Richards went to Franklin, busted ankle and all. Buddy kicked three goals, but inaccuracy cost him with four behinds.
“Buddy was in a mood,” Richards laughs.
“He was up and about, moving well.
“I remember he was leading out in the third quarter, 50 or 60 out. Buddy’s not a great overhead mark. I remember thinking, ‘I’m going to smash this into the fourth tier of the Southern Stand’.
“He just clunked it. I remember thinking, ‘You got me there’. Then he just casually went back and kicked it from 60. I remember thinking, ‘Touche, you get me there, too’.”
Spectacular as it was, Buddy’s long-range bomb would be eclipsed with the last major of the day, the sealer from an unlikely sort in Sydney defender Nick Malceski.
“The Malceski goal, to date, would be the best moment of my life,” Morton, who kicked two memorable second term goals of his own that day, says.
“I knew how much time was left on the goal. It was so special.
“The fact that he thinks he kicked it sweet but if floated through makes it even better.”
On Saturday, when the Swans celebrate their 10-year reunion of that 10-point Grand Final victory, there’s no doubt that moment will be recounted ad nauseum.
Better still, former teammates will have the opportunity to reconnect and acknowledge what they achieved.

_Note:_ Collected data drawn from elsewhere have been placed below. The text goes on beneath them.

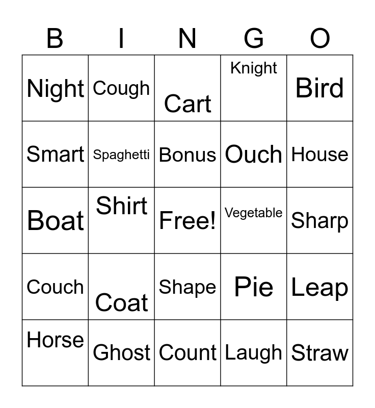 This bingo card has a free space and 29 words: Horse, Mouse, Shirt, Soil, Night, Cart, Spaghetti, Coat, Vegetable, Ghost, Sharp, Straw, Count, Laugh, House, Bought, Shape, Couch, Bird, Boat, Pie, Art, Ouch, Smart, Knight, Cough, Leap, Bonus and Mountain.
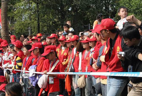 為了讓志愿者能更好地熟悉工作環境和工作任務,確保工作的萬無一失,考慮到學校離市區遠,因此當天清晨5點多,志愿者就已經穿上紅背心從校區出發了。6:10左右,第一隊志愿者在省人民大會堂下車,志愿者不顧清晨秋風的涼意立刻投入到工作中去,搬桌子、拿凳子、擺盆景、拉橫幅忙的不亦樂乎。還有一隊志愿者來到了原來的人民大會堂,把幾十名青少年報的小記者帶到指定地點觀看巡演,并負責保護他們的安全。8:30左右,開始有人陸續入場,志愿者們又開始了檢查入場券、維護秩序等新的工作。臨近9:30,游行即將開始,在南山路附近,志愿者身后的人也越來越多,越來越擠,志愿者們站成一排,手挽手,組成了一道人墻保護好小記者。隨著游行隊伍的陸續經過,小記者們不斷地按下快門,而志愿者們卻一直在用力抵住不斷前涌的人群。負責小記者的潘老師不禁感慨地對他們說:“你們更是應該拍拍你們身后的大哥哥,大姐姐,他們因為你們多辛苦啊!”此時在游行隊伍中出現了一個熟悉的“紅”身影,原來是第一隊中的幾位志愿者在為外國代表團舉牌。直至12點多游行結束,小記者安全撤退了,志愿者才算是松了一口氣,跨開步子時才發現雙腿已經麻木了,餓得已經沒有感覺了。
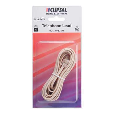 Clipsal Actassi Telephone Curly Cords and Extension Lead RJ11 / RJ12, RJ12, 6P4C, 3Metre
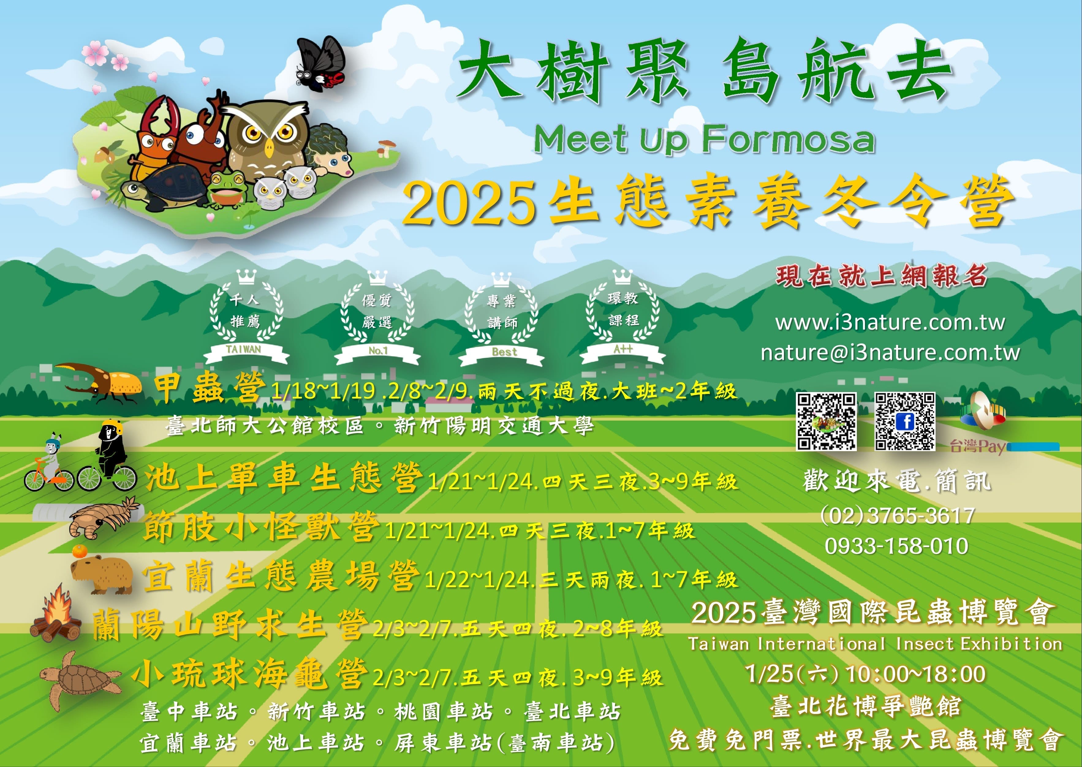 2025生態素養冬令營日期1/18~2/9,招生涵蓋大班-九年級 學員,依不同課程分齡參加,詳細請見網站 www. i3nature.com.tw 。
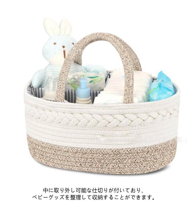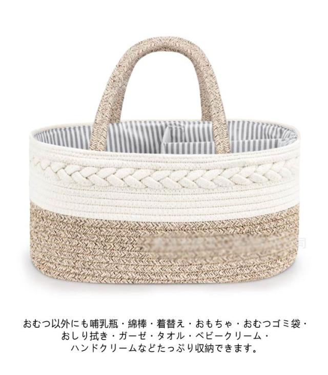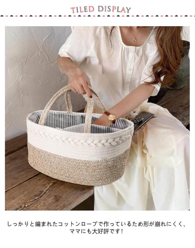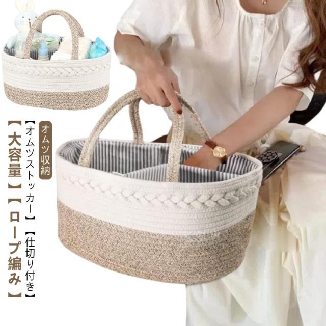 おむつストッカー コットンロープ ベビー用品 オムツ収納 オムツバッグ おむつポーチ 収納ボックス 大容量 仕切り 小物入れ 持ち運び 出産祝い 新生児 赤ちゃん 送料無料
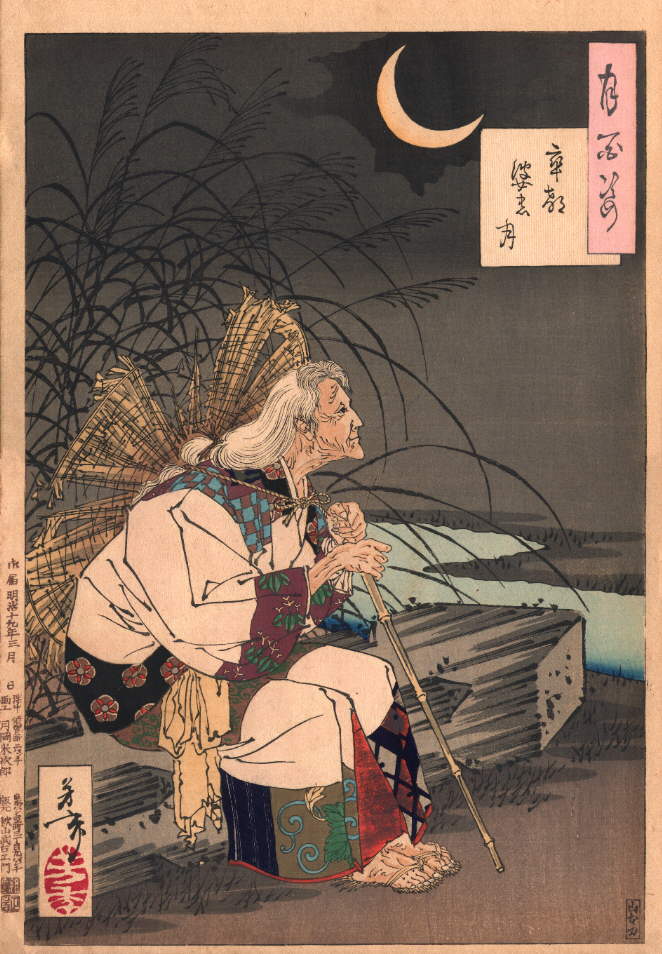 Yoshitoshi Tsukioka,100 Aspects of the Moon #25, Gravemarker Moon, the famous poetess Ono no Komachi meditates on the arrogance and heartlessness she displayed to her suitors as a young beauty. via Wikimedia Commons

After all, it was Hawthorn, a team that went on to win three consecutive flags.
“We have a WhatsApp group for the 2012 premiership team,” Richards says.
“The 2016 and 2014 Grand Final teams that I was part of and lost, we don’t have WhatsApp groups for those. It might only be a little thing, but the premiership has given us a bond that’s really enduring.

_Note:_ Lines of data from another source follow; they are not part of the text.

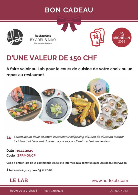 Offrez à vos proches un instant d'exception lors d'un cours de cuisine, de pâtisserie ou en compagnie d'un Chef étoilé ! Nos bons cadeaux peuvent également être utilisés pour tout achat d'article du shop. Le cadeau idéal pour toutes occasions ! Valable 1 année à partir de sa date d'émission. À faire valoir lors de réservation d'un cours ou l'achat d'un article du webshop, directement via le site internet. - Cours pour enfant 60.- / Cours de pâtisserie thématique 120.- / Cours de cuisine thématique 150.- / Cours de pâtisserie avec Chef d'exception 180.- / Cours de cuisine avec Chef d'exception 250.-
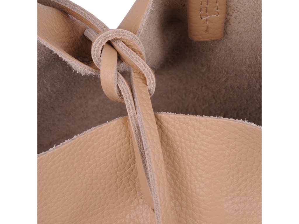 Hornú časť kabelky je možné stiahnuť pomocou koženej šnúrky, čo dodáva šarm a zároveň čiastočne zaisťuje obsah.
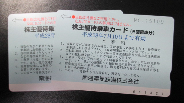 南海電鉄株主優待乗車カードお買取り致しまた。
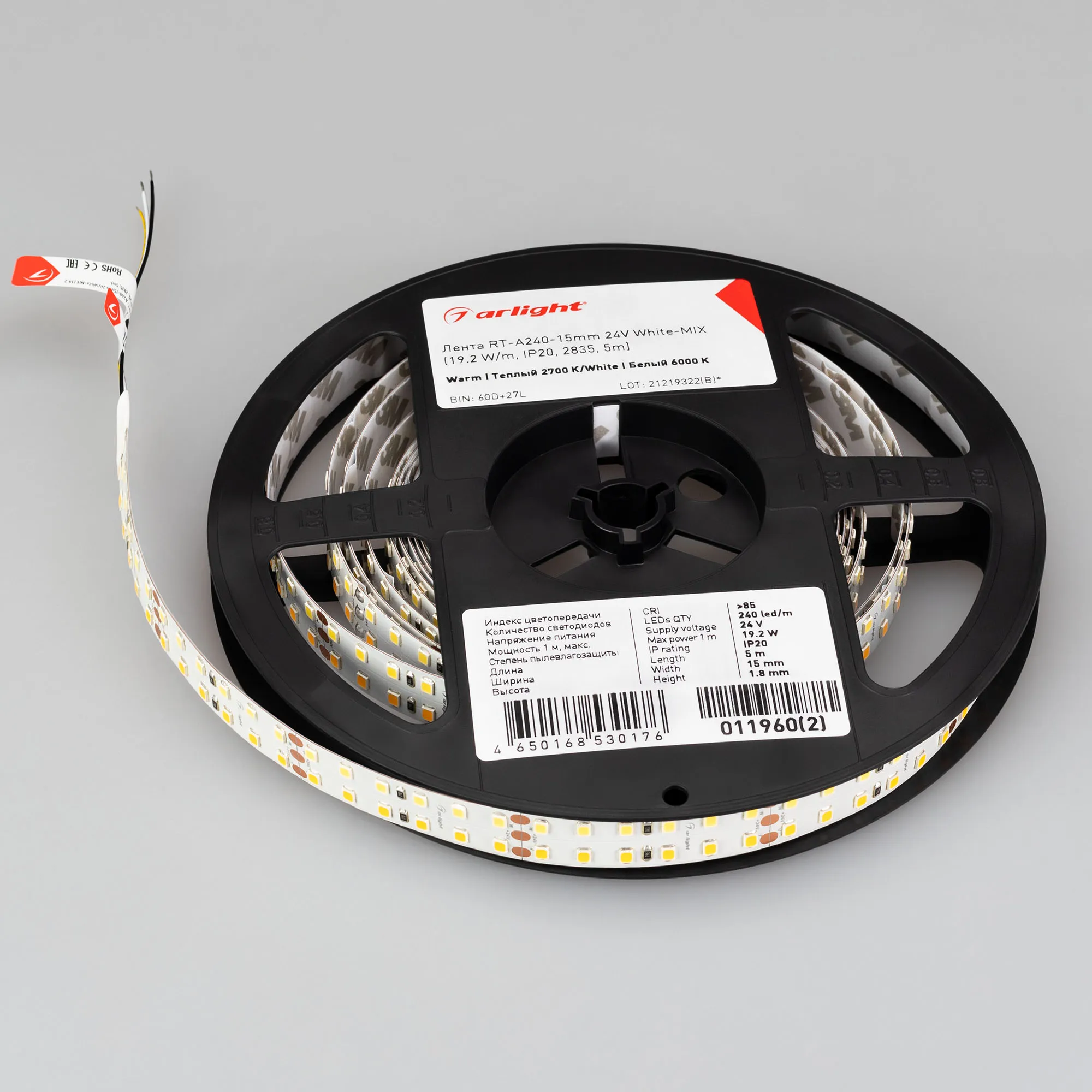 В магазине Arled Market Вы можете купить "Лента светодиодная RT-A240-15mm 24V White-MIX (19.2 W/m, IP20, 2835, 5m) (Arlight, Изменяемая ЦТ)"

“It’s been playing out the last decade in an app way and finally it’ll be done face to face.”
It’s a sentiment echoed by Morton.
“We all have those moments in life where you look back and you wish you’d celebrated it a bit more because it was special,” he reflects.
“I feel really, really lucky we get to celebrate this again after 10 years. For me, there are some players I haven’t seen in nine years, so it’s going to be a really special weekend for me.”